INPUT MATERIAL START
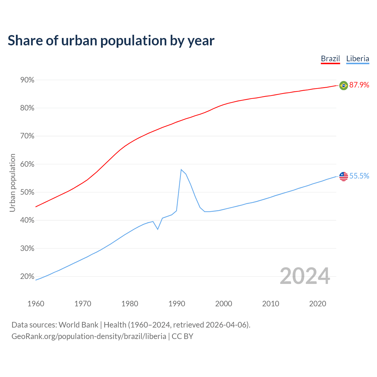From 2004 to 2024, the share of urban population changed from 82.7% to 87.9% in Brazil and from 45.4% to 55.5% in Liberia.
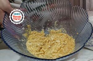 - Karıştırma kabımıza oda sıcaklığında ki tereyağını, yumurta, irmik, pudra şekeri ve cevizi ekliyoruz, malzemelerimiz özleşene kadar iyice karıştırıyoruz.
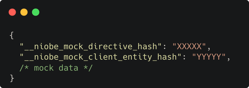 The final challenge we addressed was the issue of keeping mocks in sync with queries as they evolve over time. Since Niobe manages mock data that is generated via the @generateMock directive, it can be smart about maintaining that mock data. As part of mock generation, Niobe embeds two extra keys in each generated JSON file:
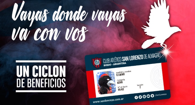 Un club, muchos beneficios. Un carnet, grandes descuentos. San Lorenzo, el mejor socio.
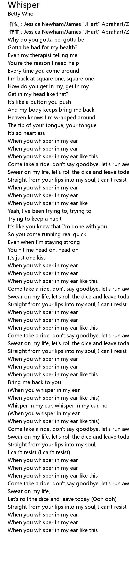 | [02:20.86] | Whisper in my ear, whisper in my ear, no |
INPUT MATERIAL END
INPUT MATERIAL START
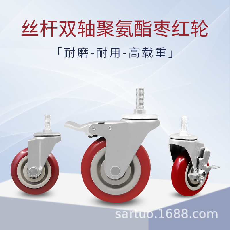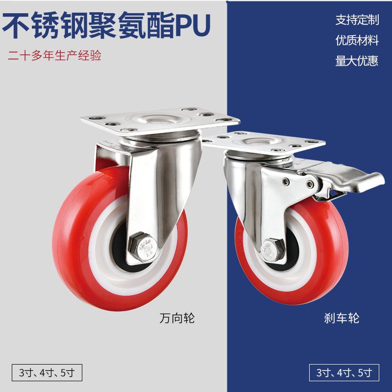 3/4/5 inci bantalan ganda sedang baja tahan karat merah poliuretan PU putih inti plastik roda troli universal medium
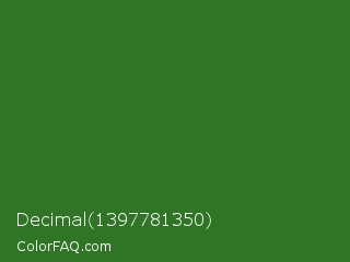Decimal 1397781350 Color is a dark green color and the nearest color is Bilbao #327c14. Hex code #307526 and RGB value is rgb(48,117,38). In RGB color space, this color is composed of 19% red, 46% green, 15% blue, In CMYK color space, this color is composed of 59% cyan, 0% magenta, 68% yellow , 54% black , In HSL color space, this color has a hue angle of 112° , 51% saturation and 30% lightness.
INPUT MATERIAL END
INPUT MATERIAL START
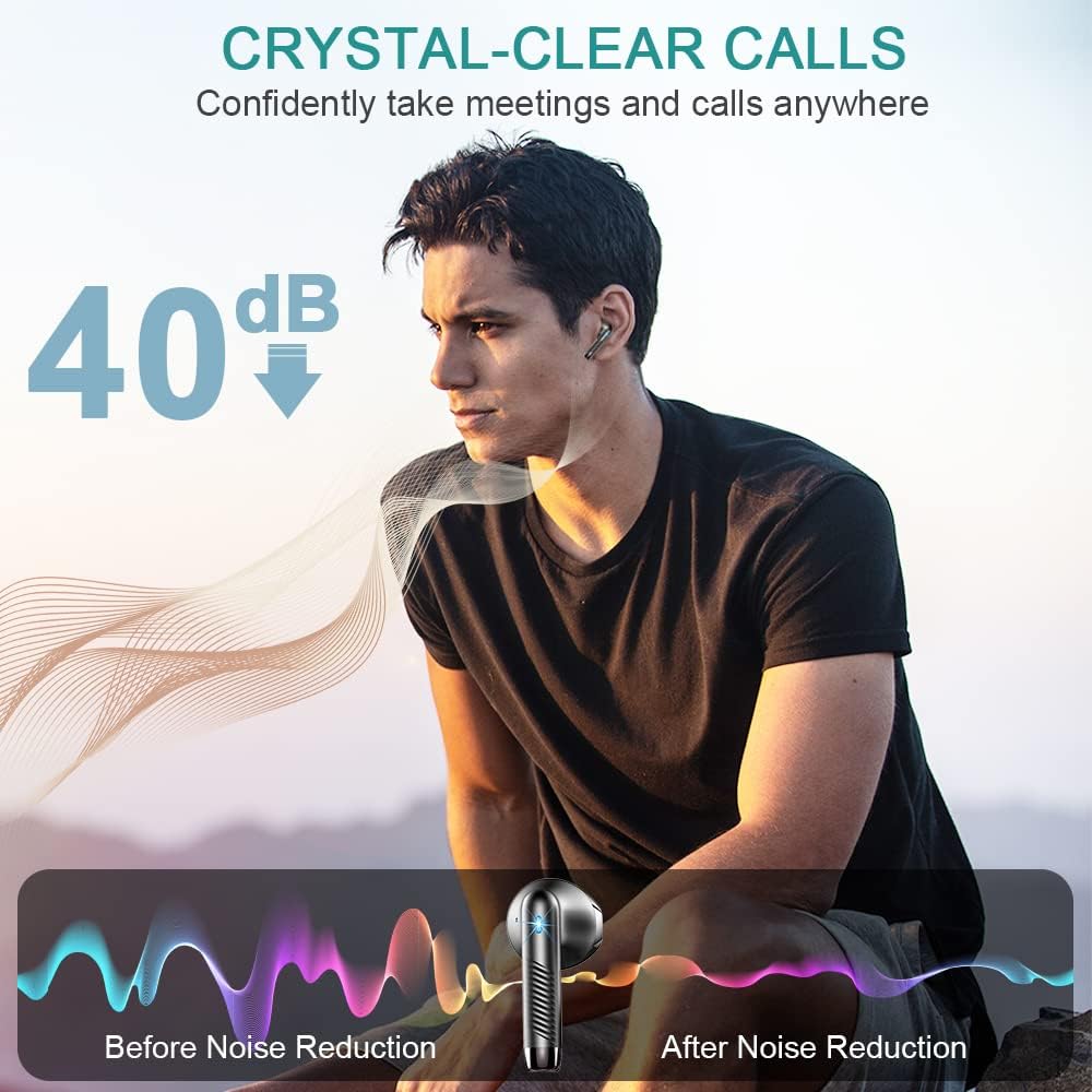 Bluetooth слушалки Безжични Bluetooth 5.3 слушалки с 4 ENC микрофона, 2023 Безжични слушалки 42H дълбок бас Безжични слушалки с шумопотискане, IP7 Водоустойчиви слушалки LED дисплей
INPUT MATERIAL END
#### WHAT TO DO
Only the lines starting at the one with "From 2004 to" and ending at the one with "- Karıştırma kabımıza" should be printed, each exactly as it appears in the material above; the pictures are to be omitted.

#### WRITTEN ANSWER
From 2004 to 2024, the share of urban population changed from 82.7% to 87.9% in Brazil and from 45.4% to 55.5% in Liberia.
 - Karıştırma kabımıza oda sıcaklığında ki tereyağını, yumurta, irmik, pudra şekeri ve cevizi ekliyoruz, malzemelerimiz özleşene kadar iyice karıştırıyoruz.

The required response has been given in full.